# ABOUT THIS TASK
Images should not appear in the copy, yet every line of the listing below must be printed exactly.

# INFORMATION PROVIDED
_ _ _

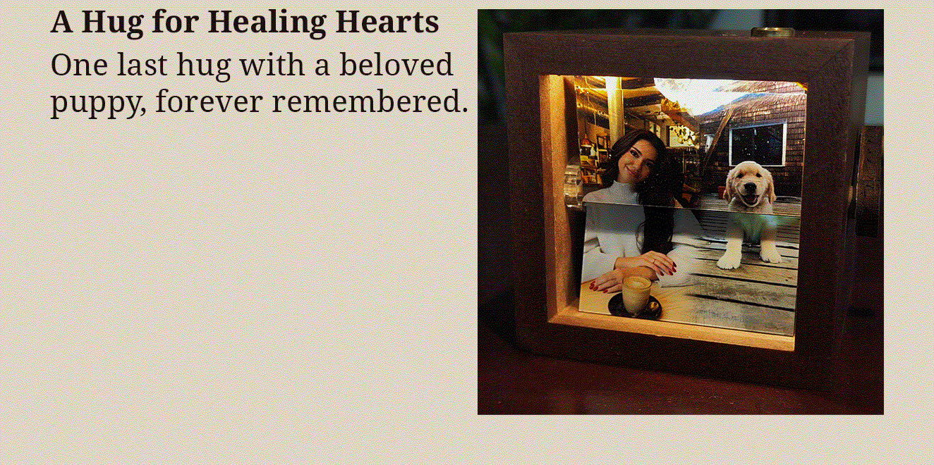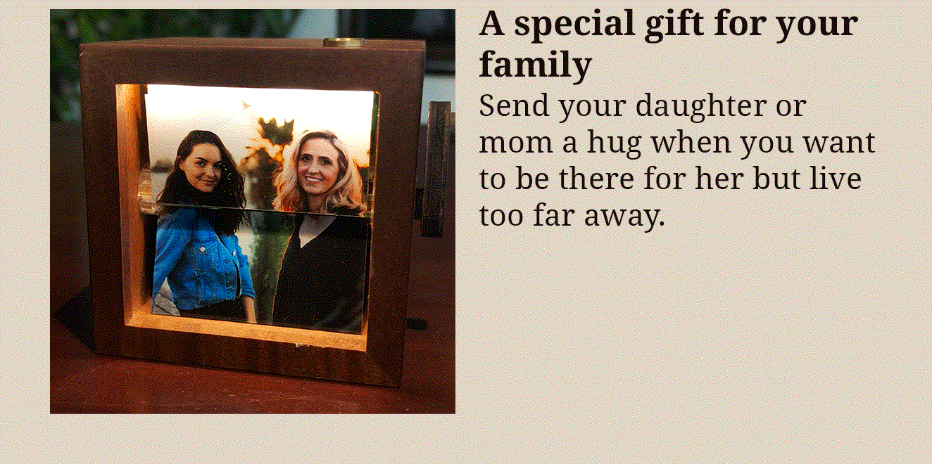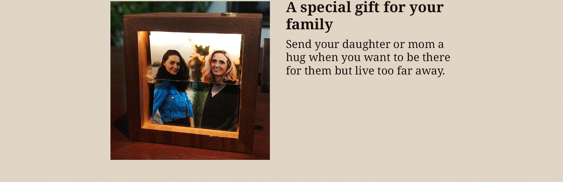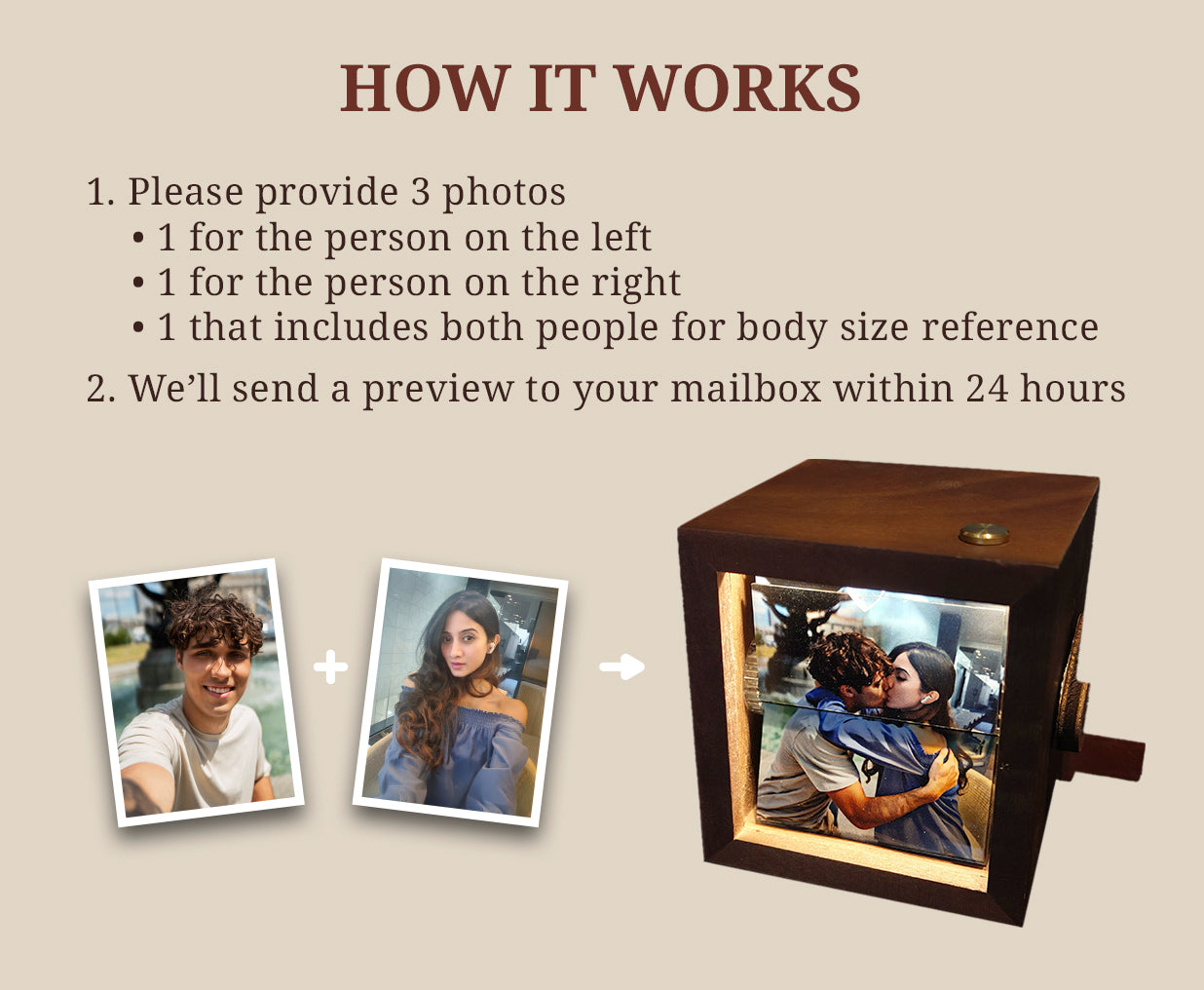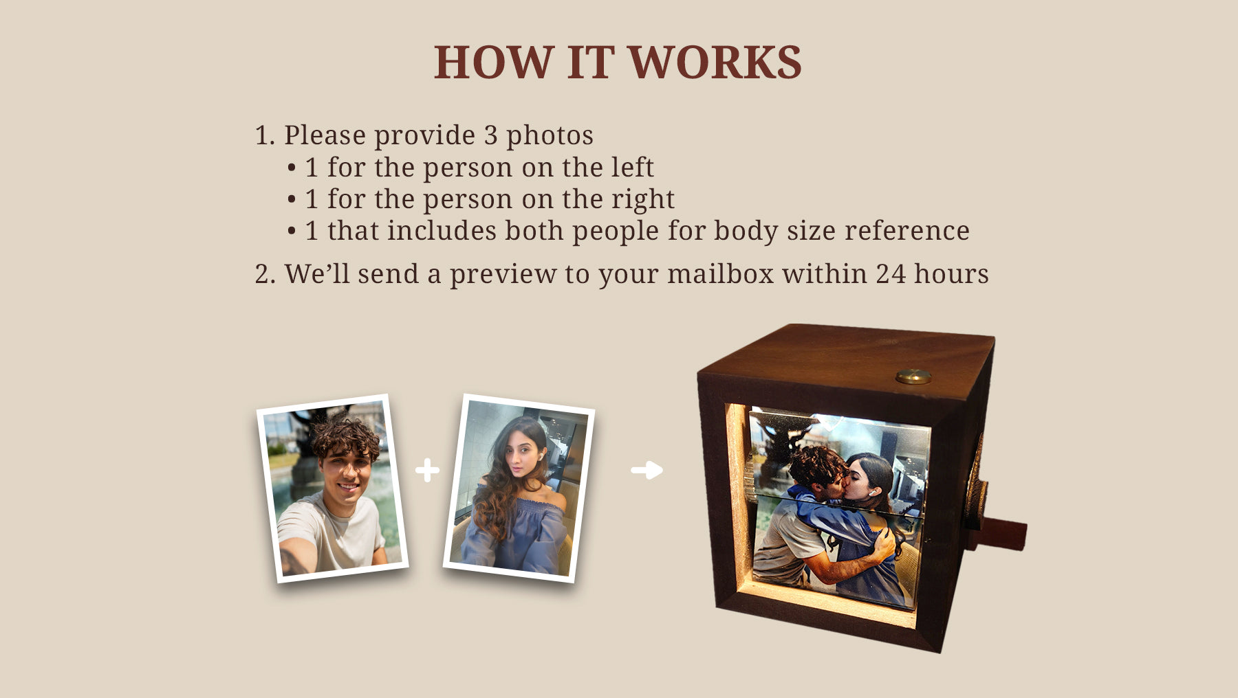 Simply send us two photos—one of each person—and a third photo together for size reference. Then, our artists will create a heartwarming animation of you embracing. We’ll then craft it into a flipbook you can replay anytime, capturing the feeling of closeness even across miles.
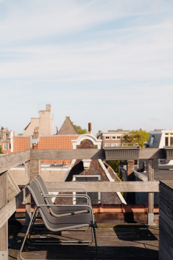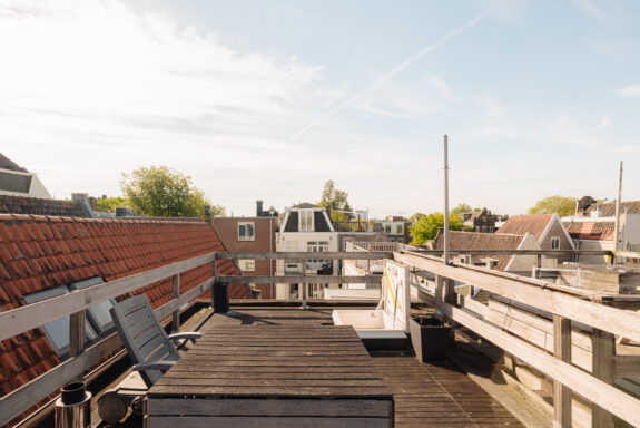 Situated on the third floor of a modern building constructed in 2009, this well-maintained studio apartment offers a living room with an open kitchen, a cozy separate bedroom, and a bathroom complete with a shower and toilet. Accessible via a loft ladder, you'll find a spacious rooftop terrace measuring approximately 20 m², where you can bask in sunshine all day. Located just around the corner from the apartment is Rozengracht, boasting a diverse array of shops for your daily needs. Within walking distance, you'll discover charming spots for coffee or drinks, including NU koffie & delicatessen, La Trattoria Di Donna Sofia, and Restaurant La Oliva Pintxos Y Vinos.
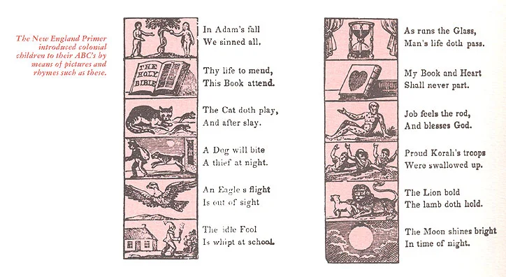 I believe what Miss Bates wanted us to see in her hymn was that America’s physical beauty should call us to moral beauty. This is what she means, perhaps, by and crown thy good with brotherhood. And moral beauty is possible only through our souls being confirmed in self-control, our liberty in law, with all success nobleness, and every gain divine. The author rooted her meditation in the moral path of the feet of stern Pilgrims. The Pilgrims' basis for everything was the law of God in the Bible. Confirm thy soul in self-control, thy liberty in law, did not mean natural law or man-made laws, but God’s law, the Bible. In 1784 most New England children learned their ABC’s by reading the New England Primer below.
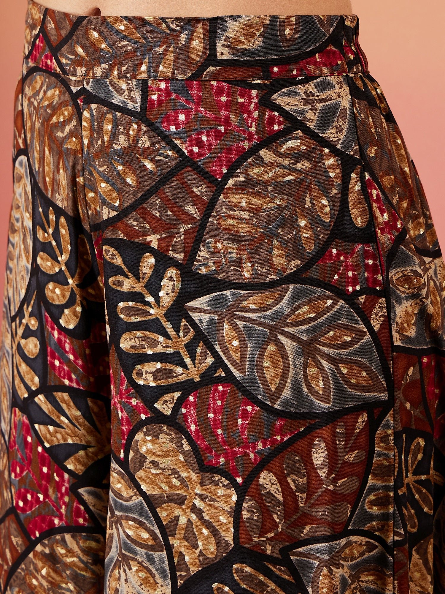 Rayon Black Grey Leaf Print Foil Palazzo
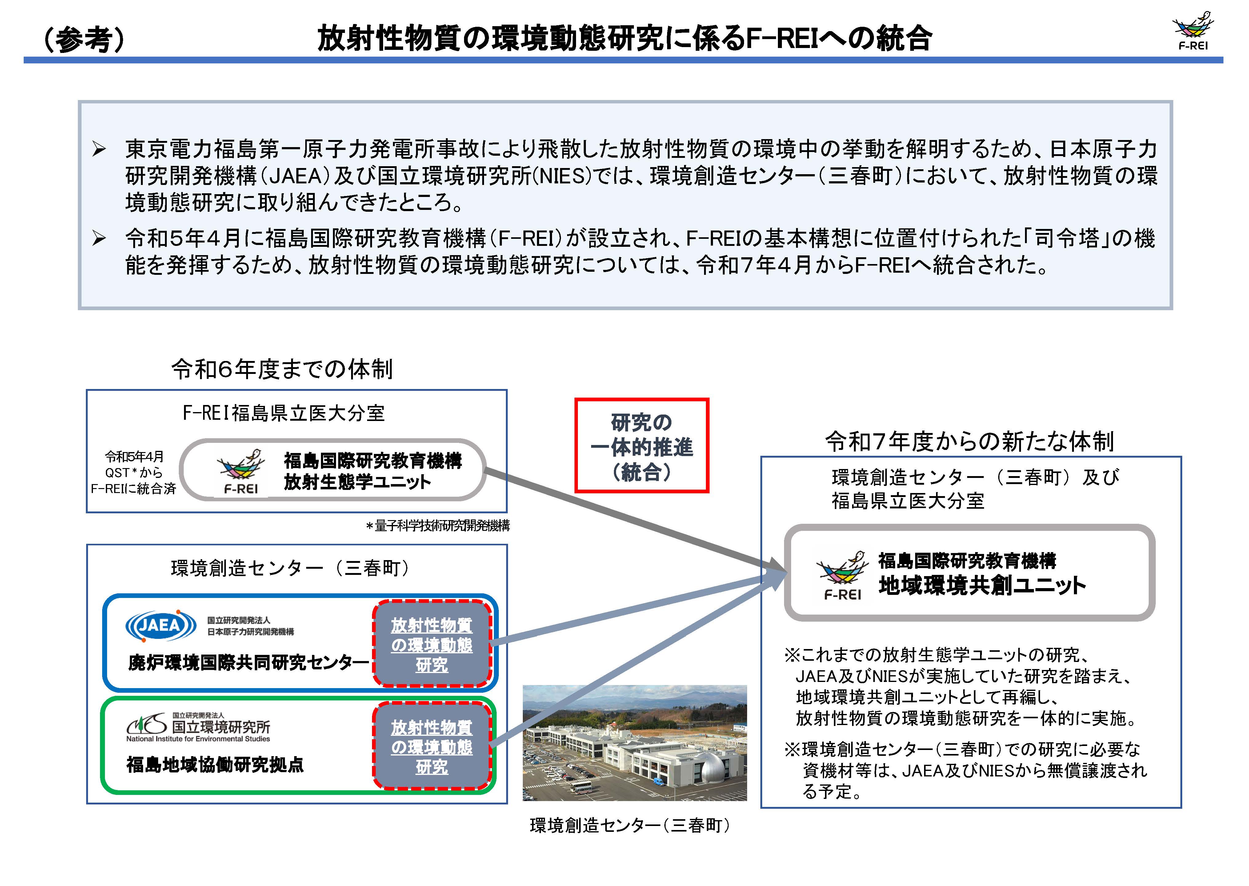 令和7年4月1日(火)、F-REIの基本構想に位置付けられた「司令塔」の機能を発揮するため、JAEA及びNIESが環境創造センター三春町施設において実施していた放射性物質の環境動態研究については、F-REIに統合しました。
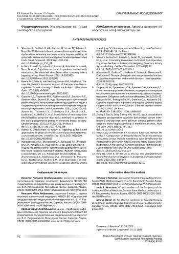 4. Сырова И.Д., Тарасова И.В., Трубникова О.А., Соснина А.С., Ложкина О.А., Белик Е.В., и др. Возможности когнитивной реабилитации с использованием метода двойных задач у пациентов в раннем послеоперационном периоде коронарного шунтирования. CardioСоматика. 2021;12(4):200-205. DOI: 10.17816/22217185.2021.4.201298

_ _ _

# RESPONSE AREA
 Simply send us two photos—one of each person—and a third photo together for size reference. Then, our artists will create a heartwarming animation of you embracing. We’ll then craft it into a flipbook you can replay anytime, capturing the feeling of closeness even across miles.
 Situated on the third floor of a modern building constructed in 2009, this well-maintained studio apartment offers a living room with an open kitchen, a cozy separate bedroom, and a bathroom complete with a shower and toilet. Accessible via a loft ladder, you'll find a spacious rooftop terrace measuring approximately 20 m², where you can bask in sunshine all day. Located just around the corner from the apartment is Rozengracht, boasting a diverse array of shops for your daily needs. Within walking distance, you'll discover charming spots for coffee or drinks, including NU koffie & delicatessen, La Trattoria Di Donna Sofia, and Restaurant La Oliva Pintxos Y Vinos.
 I believe what Miss Bates wanted us to see in her hymn was that America’s physical beauty should call us to moral beauty. This is what she means, perhaps, by and crown thy good with brotherhood. And moral beauty is possible only through our souls being confirmed in self-control, our liberty in law, with all success nobleness, and every gain divine. The author rooted her meditation in the moral path of the feet of stern Pilgrims. The Pilgrims' basis for everything was the law of God in the Bible. Confirm thy soul in self-control, thy liberty in law, did not mean natural law or man-made laws, but God’s law, the Bible. In 1784 most New England children learned their ABC’s by reading the New England Primer below.
 Rayon Black Grey Leaf Print Foil Palazzo
 令和7年4月1日(火)、F-REIの基本構想に位置付けられた「司令塔」の機能を発揮するため、JAEA及びNIESが環境創造センター三春町施設において実施していた放射性物質の環境動態研究については、F-REIに統合しました。
 4. Сырова И.Д., Тарасова И.В., Трубникова О.А., Соснина А.С., Ложкина О.А., Белик Е.В., и др. Возможности когнитивной реабилитации с использованием метода двойных задач у пациентов в раннем послеоперационном периоде коронарного шунтирования. CardioСоматика. 2021;12(4):200-205. DOI: 10.17816/22217185.2021.4.201298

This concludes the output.